Thank you so much for reading this 3-part question. Looking forward to hearing what y’all have to say! Also, I wasn’t sure what category to choose, so please let me know if there is a more fitting one. :slight_smile:


Hey Maddie @maddiebcampbell. Great question and sorry for all the confusion out there about this. To be completely honest with you, Calvinsim does not make sense to me at all. It just defeats the purpose of having a freewill and having the ability to love Christ by choice. How could God judge and send those to heaven then. I think it was wise that you ignored the debates initially. But @jlyons had put it so well on a different post so I thought I’d share that with you.

God Bless You.


Maddie, I don’t have answers to your questions but I just wanted commend your respectful attitude towards an opposing view and to encourage you to continue to try and understand things from your friends’ point of view. I also never knew anything about “Calvinist” doctrine until this last year when I started to do some research to know what they believe and why. The more I’ve learned the more I realize that there are often things we see sort of the same but from what seems different angles. It is very interesting. But one thing that has grieved me as I read about the different beliefs is the lack of respect many show to those on the either side of the fence on this issue.
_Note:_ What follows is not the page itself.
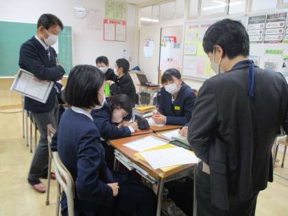 11月17日(木) 2学年 スクールミーティング 公開日 2022/11/17 更新日 2022/11/17 2年生 5,6限の時間に「スクールミーティング」を行いました。 市役所の方から富山市の政策を聴きました。そして、政策に関する疑問に思ったこと等を質問し、富山市がよりよくなる方法はないかを考えました。 こども家庭部 「子育て支援」の様子です

We Christians are to be united, and instead of seeing some as Calvinist and others as Amrmenian, labels that I hate using, we should be able to worship together in love and be open to discussing this topic while trying to understand an opposing perspective. Let us all strive for unity as much as we can, in love. Maddie, I hope you are able to get good answers to your questions so that you can better understand your friends. :blush:

“Put on then, as God’s chosen ones, holy and beloved, compassionate hearts, kindness, humility, meekness, and patience, bearing with one another and, if one has a complaint against another, forgiving each other; as the Lord has forgiven you, so you also must forgive. And above all these put on love, which binds everything together in perfect harmony. And let the peace of Christ rule in your hearts, to which indeed you were called in one body. And be thankful.”
‭‭Colossians‬ ‭3:12-15‬ ‭ESV‬‬


Thank you!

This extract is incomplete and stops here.